Archaeologists have long believed that food production developed worldwide much the way it did in the Near East: as climate changes made wild grains less available, hunters and gatherers settled in villages and relatively quickly domesticated plants and then, over the next few thousand years, animals (Grigson, 1991, p. 119). However, recent genetic studies and excavations in Africa suggest that the patterns of domestication there were strikingly different (Abdulhamid, 2015, p. 27). This new research, emerging in the last few years in academic books and articles, shows that in Africa, wild cattle were domesticated several thousand years before plants, and that farming and herding spread patchily and slowly across the continent (Di Lernia et al., 2013, p. 2).
While the first undisputed remains of domesticated cattle appear in the African archaeological record about 5900 B.C. at a site in Chad, other studies suggest that cattle were domesticated in the same region as early as 9,000 years ago (Grigson, 1991, p. 139). A study of African cattle published in the journal Science in 2002 suggested that cattle were domesticated independently in Africa, rather than being imported from the Near East, as they were across most of Europe and Asia (Hanotte et al., 2002, p. 336).
The first pastoralists in Africa, who traveled with domesticated cattle, had probably captured wild animals at first to provide insurance as the Sahara, then partly covered in grassland, began to dry (Abdulhamid, 2015, p. 46). They moved south to savannas to find moister conditions (Di Lernia et al., 2013, p. 5). These cattle-assisted hunter-gatherers took milk, blood, and meat from their animals (Grigson, 1991, p. 140). Some pastoralists began to worship cattle, burying them in elaborate graves (Abdulhamid, 2015, p. 49).

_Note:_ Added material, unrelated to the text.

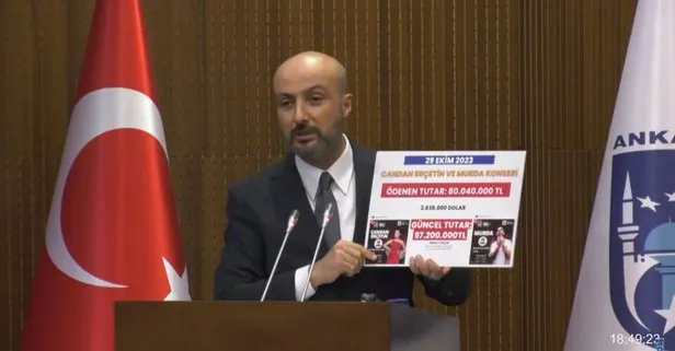 ''Belediye aslı hizmetleri anlamında Ankara Büyükşehir Belediyesi tarihinde en kötü dönemini yaşıyorken, Konser skandallarının arka arkaya geldiğini görüyoruz. Ebru Gündeş konserine 69,Mor ve Ötesi konserine de 71 Milyon Lira ödendiği ortaya çıktı. Ama asıl bomba şu, tüm bu rakamların daha üstünde 29 Ekim 2023 günü yapılan Candan Erçetin ve Murda konseri için Ankara Büyükşehir Belediyesi yönetimi 80 Milyon 40 Bin TL ödeme yapmıştır. Bakın bunun da ödeme belgesi de var. Sözleşmesi de var. Hepsi var. 80 Milyon 40 Bin TL ödeme yapmıştır o günün kuruyla dolara çevirdiğimizde 2 Milyon 838 Bin dolar yapıyor. Bugünkü kurla 97 Milyon 200 Bin TL ödeme yapılmıştır. Bu tarihi bir rakamdır. Hiçbir belediyede tarihte böyle tutar yoktur."

At sites across the Sahara, cattle images appear in rock art (Di Lernia et al., 2013, p. 8). Pastoralism gradually spread west across the southern Sahara, and then south, reaching the equator around 2000 B.C. and South Africa by the first centuries A.D. (Grigson, 1991, p. 141). Like the hunter-gatherers with whom they shared their environment, pastoralists made great use of the abundant wild African grasses growing in the savanna, but did not plant them (Abdulhamid, 2015, p. 50). Both groups also made ceramics, an innovation that in the Near East came only with settled agricultural villages (Di Lernia et al., 2013, p. 10).
References
Grigson, C. (1991). An African origin for African cattle? — some archaeological evidence. The African Archaeological Review, 9, 119-139.

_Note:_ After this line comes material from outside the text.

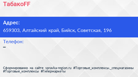 ТабакоFF по адресу 659303, Алтайский край, Бийск, Советская, 196 в дальнейшем Организация, размещена в следующих категориях:
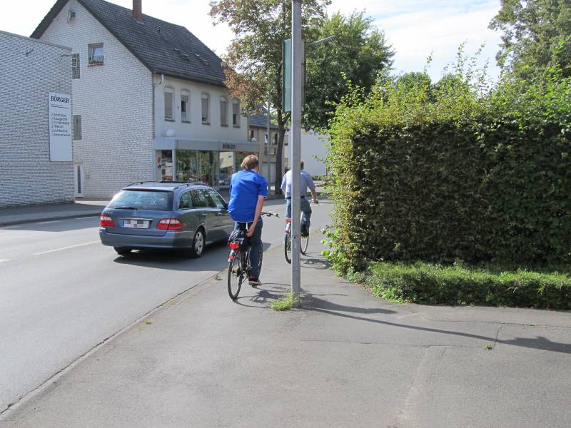 14.08.2016: Die linksseitige Freigabe wurde ab der Einmündung Am Werl mittels Verkehrszeichen 239 (Gehweg) aufgehoben. Da der Gehweg im Verlauf vorher weiterhin linksseitig freigegeben und im weiteren Verlauf linksseitig benutzungspflichtig ist, benutzen viele Radfahrer weiterhin den linken Gehweg durchgehend (Bild 7).

Abdulhamid, L. A. (2015). Artistic styles in the engravings of the ancient rock art in Wadi al Baqar (Valley of Cows) in the Sahara Desert in Libya. University of Newcastle.
Di Lernia, S., et al. (2013). Inside the "African Cattle Complex": Animal Burials in the Holocene Central Sahara. PLOS ONE, 8(2), e56879.
Hanotte, O., et al. (2002). African pastoralism: Genetic imprints of origins and migrations. Science, 296(5566), 336-339.
Marshall, F. (2000). The origins of African pastoralism. Journal of Anthropological Archaeology, 19(2), 163-187.
Smith, A. B. (2005). African herders: Emergence of pastoral traditions. Walnut Creek, CA: AltaMira Press.